First of all, I will use SageMaker's batch transform feature, which  is a high-performance and high-throughput method for transforming data and generating inferences. 

- I personally think, It's ideal for scenarios where you're dealing with large batches of data, don't need sub-second latency, or need to both preprocess and transform the training data. 

- My main focus is to deploy model, so on analytic point of view, I tried to use Sagemaker's ML library and find median housing price for specific housing requrements in certain areas. 

 


## Set Environment (lib & SageMaker)

In [0]:
# Setting-up Notebook in relevant environment.

import os
import numpy as np
import pandas as pd 
import matplotlib.pyplot as plt
%matplotlib inline

from sklearn.datasets import load_boston
import sklearn.model_selection

In [0]:
# set sagemaker in env.
import sagemaker
from sagemaker import get_execution_role
from sagemaker.amazon.amazon_estimator import image_url
from sagemaker.predictor import csv_serializer

# Object to represent current active session of sagemaker - contains some useful info. for future usage.
session = sagemaker.Session()

# object shows IAM role - will help us to assign training job to sagemaker.
role = get_execution_role()

## Download Data 

In [0]:
boston = load_boston()


## Data preparation and splitting.


In [0]:
# prepare data for python notebook
X_bos_pd = pd.DataFrame(boston.data, columns=boston, feature_names)
y_bos_pd = pd.DataFrame(bosotn.target)

# splitting into train and test
x_train,S_test,Y_train,Y_test = sklearn.model_selection.train_test_split(X_bos_pd, Y_bos_pd, test_size =0.33)

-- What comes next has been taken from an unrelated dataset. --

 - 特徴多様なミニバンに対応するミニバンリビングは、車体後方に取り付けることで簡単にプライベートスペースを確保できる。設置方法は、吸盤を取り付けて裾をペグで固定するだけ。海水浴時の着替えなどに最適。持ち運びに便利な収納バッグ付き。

# further splitting of train to train(2/3) and validation(1/3)
X_train, X_val, Y_train, Y_val = sklearn.model_selection.train_test_split(X_train, Y_train, test_size=0.33)

SyntaxError: ignored

## Uploading dataa files to S3.

Keep in mind that, 

- When a training job is constructed using SageMaker, a container is executed which performs the training operation.
- This container is given access to data that is stored in S3. This means that we need to upload the data we want to use for training to S3. 
- In addition, when we perform a batch transform job, SageMaker expects the input data to be stored on S3. We can use the SageMaker API to do this and hide some of the details, but first data saved locally and then uploaded to S3 container.




In [0]:
# define & ensure data dictionary...
data_dir = '.../data/boston'
if not os.path.exists(data_dir):
  os.makedirs(data_dir)

In [0]:
# In data_dir, I amd creating csv file format for all data, and in validation and train set target data comes in first columns.

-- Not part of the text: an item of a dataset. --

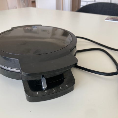 Moulinex “Break Time” – et kombinert vaffel-, toast- og grilljern (med utskiftbare plater), ikke et rendyrket belgisk vaffeljern, men det lager tykke, belgiske vafler.
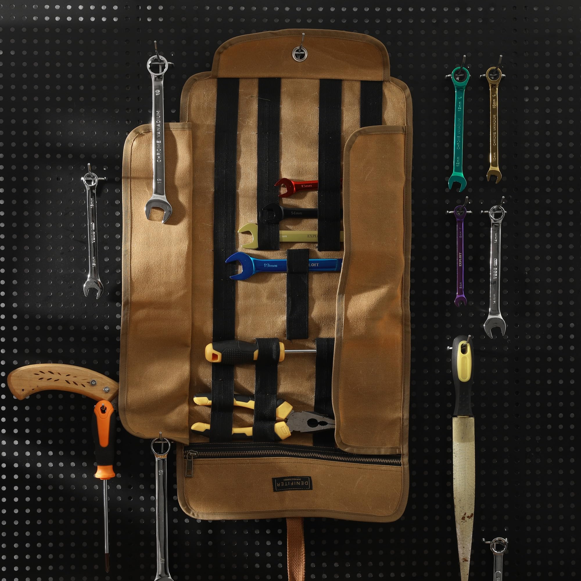 Matériau : toile de coton ciré robuste de 473,6 g, durable et imperméable. C'est un excellent cadeau pour votre famille ou vos amis, il peut garder vos outils à main en sécurité, propres et séparés. Rouleau à Outils en Toile Cirée Robuste - Leroy Merlin Facile à déployer Roulé de conception pour un accès rapide et un rangement compact. Capacité étendue 15L de stockage pour une variété d'outils, idéal pour les professionnels Plusieurs occasions : il convient pour les constructeurs, les ingénieurs, les artisans, les concepteurs d'intérieur, les concepteurs de jardin, les artistes et les bricoleurs. Sac à Outils, Rouleaux D'outils En Toile Cirée Robuste De 473,6 G Avec Dimensions (L x l) : 62 x 32 cm. 1 poche zippée lisse pour ranger des outils tels que des rouleaux de burin, un marteau, une pince, une règle, des ciseaux, des crayons, un mètre ruban, un niveau magnétique, des tournevis, des lunettes de sécurité, des gants, etc. Les sangles en toile vous permettent d'ouvrir et de fermer la pochette à outils rapidement. Sac à Outils En Toile Cirée Robuste De 473,5 G, Pochette à Outils Enroulable, Organiseur à Outils, (L) 63,5 Cm X (H) 36,8 Cm, Gris Ne rétrécit pas facilement...

X_test.to_csv(os.path.join(data_dir,'test.csv'),header = False, index = False)
 
pd.concat([Y_val,X_val], axis =1).to_csv(os.path.join(data_dir, 'validation.csv'),header=False, index= False)
pd.concat([Y_train,X_train],axis =1).to_csv(os.path.join(data_dir,'train.csv'),header=Flase,index=False)

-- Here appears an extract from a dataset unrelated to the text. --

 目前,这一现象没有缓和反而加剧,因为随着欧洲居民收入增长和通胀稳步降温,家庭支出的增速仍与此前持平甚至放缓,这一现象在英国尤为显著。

### Upload to S3 - data storage.
Its good prectice to give prefix to your S3 bucket, so you can easily get idea about specific container for relevant project. 
- Here, I am giving name as "dataset_name-algorithm_name-API_level".

I will use xgboost algorithm, which is one of the modern approach for supervised learning. It boost our algorithm gradient and give high accuracy result with good F1 score Matrix. 

> For more info, visit [XGBoost](https://xgboost.readthedocs.io/en/latest/) official documentation.

In [0]:
prefix = 'boston-xgboost-HL'

test_location = session.upload_data(os.path.join(data_dir,'test.csv'),key_prefix = prefix)
val_location = session.upload_data(os.path.join(data_dir,'validation.csv'), key_prefix = prefix)
train_location = session.upload_data(os.path.join(data_dir,'train.csv'),key_prefix = prefix)

## Training XGBoost Model
There are two options for training model either use high-level API in which Sage-Maker will train algorithm ownself or from low level API inwhich we need to define our own work. 

I will go with both the cases to represent difference. Before this we must need some important information for sagemaker to give permissions and you can find them from [common_para_list](https://docs.aws.amazon.com/sagemaker/latest/dg/sagemaker-algo-docker-registry-paths.html)


In [0]:
# define container with uri to define container with session and ml-model info.
container = get_image_uri(session.boto_region_name),'xgboost')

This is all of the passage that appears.